▶ [WORK ITEM]: Could you give the listing again exactly, without its pictures?

▶ [GIVEN DATA]:
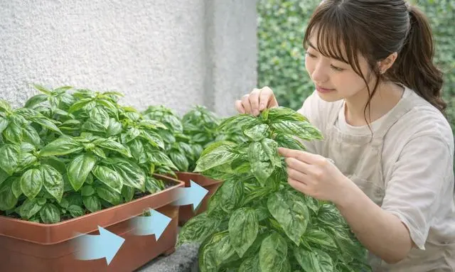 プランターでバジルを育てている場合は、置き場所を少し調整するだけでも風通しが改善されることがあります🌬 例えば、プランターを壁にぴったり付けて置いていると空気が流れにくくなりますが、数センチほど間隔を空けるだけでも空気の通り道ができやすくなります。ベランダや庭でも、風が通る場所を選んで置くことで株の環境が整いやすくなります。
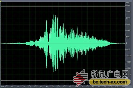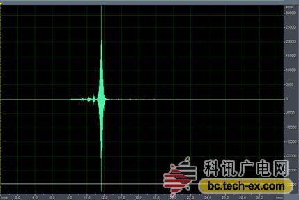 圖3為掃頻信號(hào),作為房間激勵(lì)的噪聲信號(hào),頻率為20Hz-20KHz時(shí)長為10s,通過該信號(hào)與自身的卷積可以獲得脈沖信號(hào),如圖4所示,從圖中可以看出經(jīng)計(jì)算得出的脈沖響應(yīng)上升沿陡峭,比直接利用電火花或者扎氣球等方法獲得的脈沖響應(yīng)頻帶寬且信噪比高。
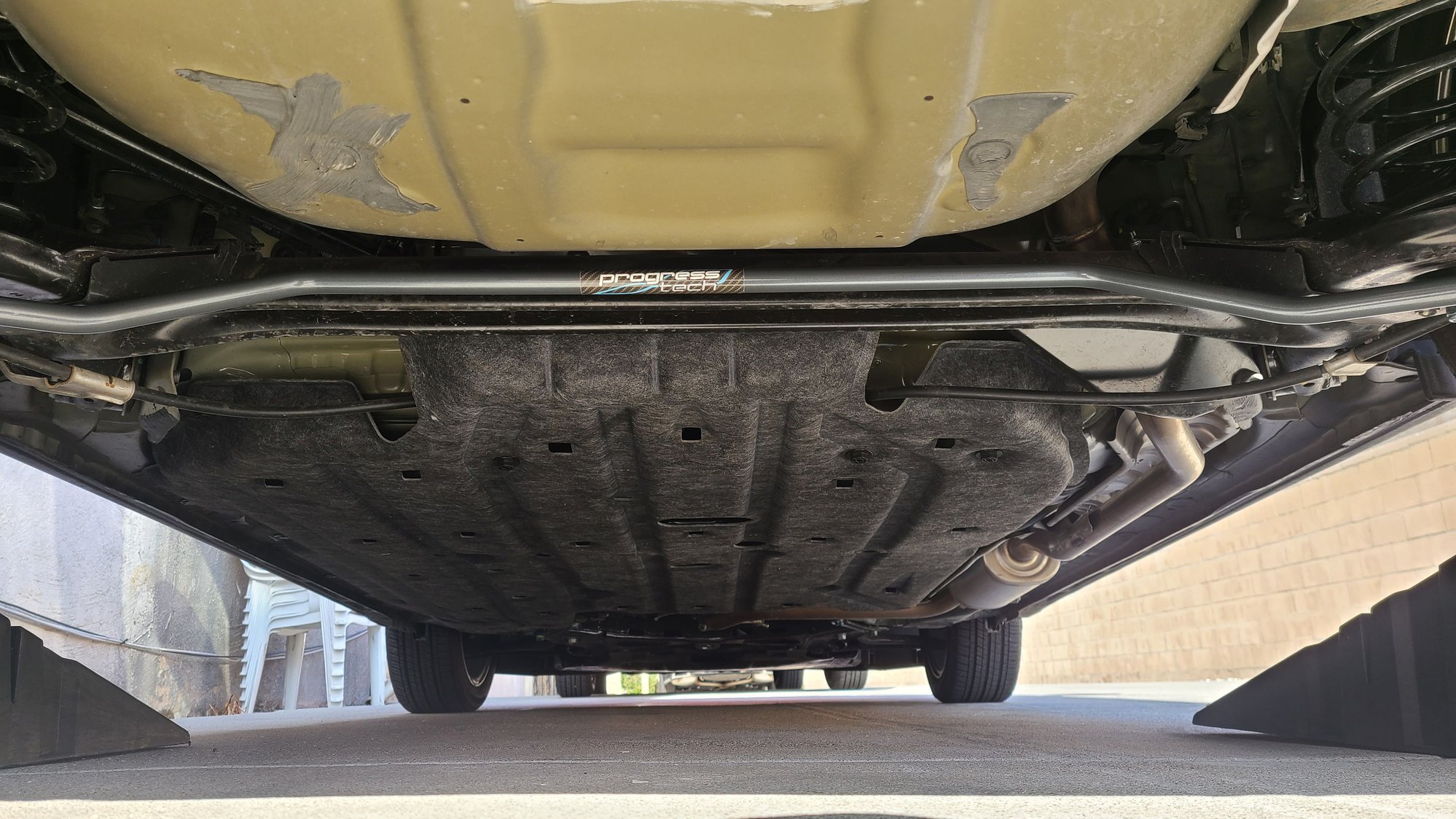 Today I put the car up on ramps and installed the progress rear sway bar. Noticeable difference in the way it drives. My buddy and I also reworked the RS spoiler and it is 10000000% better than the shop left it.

▶ [ANSWER TO THE PROBLEM]:
 プランターでバジルを育てている場合は、置き場所を少し調整するだけでも風通しが改善されることがあります🌬 例えば、プランターを壁にぴったり付けて置いていると空気が流れにくくなりますが、数センチほど間隔を空けるだけでも空気の通り道ができやすくなります。ベランダや庭でも、風が通る場所を選んで置くことで株の環境が整いやすくなります。
 圖3為掃頻信號(hào),作為房間激勵(lì)的噪聲信號(hào),頻率為20Hz-20KHz時(shí)長為10s,通過該信號(hào)與自身的卷積可以獲得脈沖信號(hào),如圖4所示,從圖中可以看出經(jīng)計(jì)算得出的脈沖響應(yīng)上升沿陡峭,比直接利用電火花或者扎氣球等方法獲得的脈沖響應(yīng)頻帶寬且信噪比高。
 Today I put the car up on ramps and installed the progress rear sway bar. Noticeable difference in the way it drives. My buddy and I also reworked the RS spoiler and it is 10000000% better than the shop left it.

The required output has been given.